Photographs 2008 copyright of Lauren Victoria Burke

This is another Print on Demand (POD) that has been published at the end of 2008 immediately after the election of Barack Obama by Lauren Burke Birth of a Statesman – Barack Obama. Where as TheGuardian’s A Message For Obama was a global collaboration of a broad spectrum of photographers Burke’s book is the result of a very professional Washington DC freelance photo/journalist project where “Message” could be viewed as objective while “Statesman” is more subjective.

Like TheGuarian book Burke’s Birth of a Statesman is a hardcover book in a larger horizontal 10 x 8″ format with 240 pages that include 475 color and black & white photographs. This book probably has incorporated every photographic page template known to Blurb, the POD printer, with a nice design sense to add variety and a visual change of pace through the book.

The book documents Obama in the Senate before his presidential run and election as well as segments of his Presidential campaign and final election night in Chicago. It is not meant to be an all inclusive about his campaign as Burke was not an embedded photojournalist for the entire duration of Obama’s campaign. Like some photographers who self-publish a photographic book she has a professional agenda for this book and her Washington DC photo agency as a means to provide wider coverage for the photographs she has available. And I also suspect that she is an Obama Presidential supporter but that is just my suspicion in as she may have had an McCain book in the wings as well.
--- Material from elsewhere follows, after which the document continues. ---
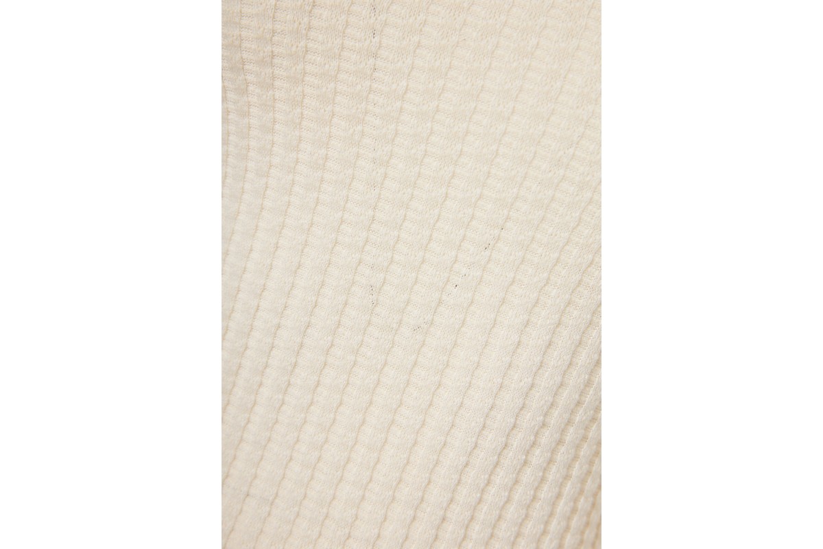 Το rib ύφασμα χαρίζει απαλή υφή και ελαστικότητα, αναδεικνύοντας τη σιλουέτα με φυσικό τρόπο, ενώ η χαμηλή λαιμόκοψη προσθέτει μια θηλυκή πινελιά στο σύνολο.

To her credit as a skilled journalist as well as a skilled photographer she weaves in a story with the photographs. Her story shows the ebb and flow of his days in congress and his supporters during the campaign. I think that this adds to the weakness of the book as her editing is not tight to provide the essence of who Obama might be but instead broad and allowed much weaker photographs to be included. Such as the photograph of Obama and his interns after the fact that they were just photographed together. Huh? Perhaps the editing was an effort to illustrate how broad her available inventory is much like a catalog of walking shoes and dry goods.

I can see the potential of this book as the photographs of his supports as they expectantly wait for “Their” candidate. Burke has captured that certain intensity you find in people who have found something that they can really believe in with that look of expectancy in their faces and especially their eyes. Her subject’s body postures and the resultant sense of anticipation come through. She senses and sees this expectancy and then elegantly captures it.

She documents the social environment that also tells Obama’s story with opportunities she finds in the urban landscape. Burke appears sensitive to the potential humor that lurks within this environment as well.

But I am too disappointed in the great amount of chafe that has been included with the wheat and that the distractions take away too much from the great photographic images and the wonderful story that is hiding in this book.